“We hear someone say: ‘He is standing in his own light.’ How clearly the picture emerges of our shadowing our own happiness by mistaken thinking.” (ODAT, 23 October)
The atoms really are there, but the world is my construal of what is going on.
The world is only in my mind.
That construal, that world, is different than anyone else’s.
People talk about ‘my truth’.
They should say ‘my lie’.
If everyone’s truth is different, they’re all lies.
Honesty about ‘my truth’ is really honesty about ‘my lie’.
Does one simply choose what’s true?
No, one discerns it by abandoning self-centredness.
The self-centred view is to see what is proximate as big and what is distal as small, to what affects me as important and what does not as unimportant.
When that is abandoned, I see what is there.
The constellations are there only from my perspective.

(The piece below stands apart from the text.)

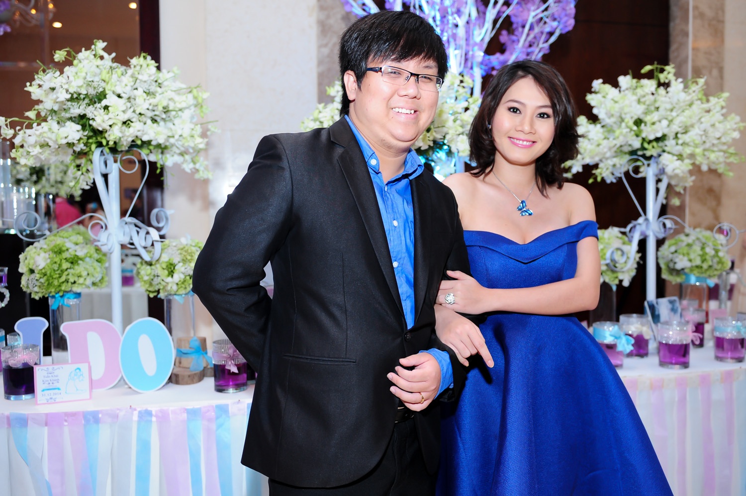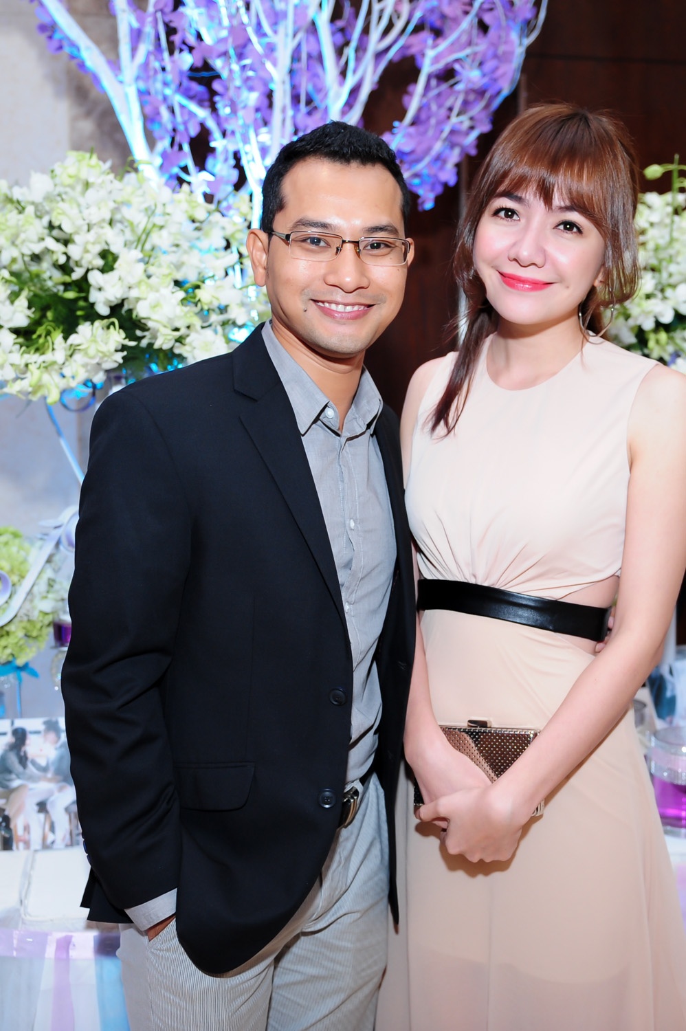 | Vợ chồng Gia Bảo diện trang phục đồng tông tình tứ tham dự tiệc mừng của đồng nghiệp. |

The stars really are there, but their relationship to each other is not what it seems.
In the midst of this, I think I have ‘problems’.
The problems depend for their existence on my perspective being right.

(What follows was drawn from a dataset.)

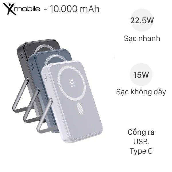 Xmobile T121 cũng có đèn LED hiển thị phần trăm pin, giúp người dùng dễ dàng theo dõi. Sản phẩm có nhiều cổng kết nối, bao gồm cả Type-C và USB-A, hỗ trợ sạc cùng lúc nhiều thiết bị.

But it’s not, so the problems are not real.
Until I accept everything as being God’s will, until I trust entirely in God’s providence, until I take responsibility for my life and stop blaming anyone for anything, my perspective will be distorted.
Until this has been achieved—through the Twelve Steps—there’s no point in talking about or trying to solve anything ‘out there’.
Once this has been achieved, I can see what needs changing, and, usually, what needs changing is very little indeed.